Various Artists, Message to Attila: The Music of Attila Zoller (Enja)
Various Artists, Message to Attila: The Music of Attila Zoller (Enja)
The
late Attila Zoller was an important but somewhat obscure link between the
American and European jazz scenes who also bridged the gap between swing jazz
and the avant-garde. The guitarist, composer and educator began his career in
Budapest and ended it at his Vermont Jazz Center.
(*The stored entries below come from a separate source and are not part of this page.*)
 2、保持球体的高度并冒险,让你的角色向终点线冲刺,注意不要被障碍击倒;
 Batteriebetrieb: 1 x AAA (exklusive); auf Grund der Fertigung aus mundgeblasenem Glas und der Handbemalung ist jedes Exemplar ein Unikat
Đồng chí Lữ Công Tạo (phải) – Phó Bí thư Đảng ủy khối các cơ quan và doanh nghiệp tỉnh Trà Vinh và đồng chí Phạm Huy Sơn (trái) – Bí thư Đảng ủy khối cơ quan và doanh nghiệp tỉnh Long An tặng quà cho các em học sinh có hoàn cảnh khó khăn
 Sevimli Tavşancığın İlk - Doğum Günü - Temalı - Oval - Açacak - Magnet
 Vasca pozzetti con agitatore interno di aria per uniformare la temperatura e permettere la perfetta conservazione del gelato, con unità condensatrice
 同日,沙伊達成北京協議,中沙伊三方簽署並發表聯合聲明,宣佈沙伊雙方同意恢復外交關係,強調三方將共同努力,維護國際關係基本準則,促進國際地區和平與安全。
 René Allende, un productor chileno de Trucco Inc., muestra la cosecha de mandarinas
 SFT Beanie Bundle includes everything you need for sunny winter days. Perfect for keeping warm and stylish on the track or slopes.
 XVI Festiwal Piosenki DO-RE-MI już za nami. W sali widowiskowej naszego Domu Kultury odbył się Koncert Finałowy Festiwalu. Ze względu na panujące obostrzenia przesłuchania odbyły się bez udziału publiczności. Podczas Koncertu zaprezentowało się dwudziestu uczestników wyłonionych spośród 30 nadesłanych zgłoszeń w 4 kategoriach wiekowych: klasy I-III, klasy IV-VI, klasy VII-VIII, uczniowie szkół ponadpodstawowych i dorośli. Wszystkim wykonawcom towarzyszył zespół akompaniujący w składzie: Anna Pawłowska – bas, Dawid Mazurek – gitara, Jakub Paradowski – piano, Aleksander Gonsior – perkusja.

Guitarists and a few non-guitarists
honor Zoller’s legacy by performing his compositions on this project, and six also
recorded messages of what he meant to them.
Participants included guitarists John
Abercrombie, David Becker, Peter Bernstein, Gene Bertoncini, Helmut Kagerer, Pat
Metheny (in a 1998 track with the late Jim Hall), Mike Stern, bassist Ron Carter,
vibes player Wolfgang Lakerschmid, and pianist Eugene Uman. Favorites: the
Hall-Metheny take on “The Birds and the Bees,” Bertoncini’s duo with Ron Carter
on “When It’s Time,” Abercrombie’s trio take on “Waltz for Joy,” Kagerer’s solo
version of “Ulla’s Memories” and a Bernstein/Becker cover of “Samba Caribia.”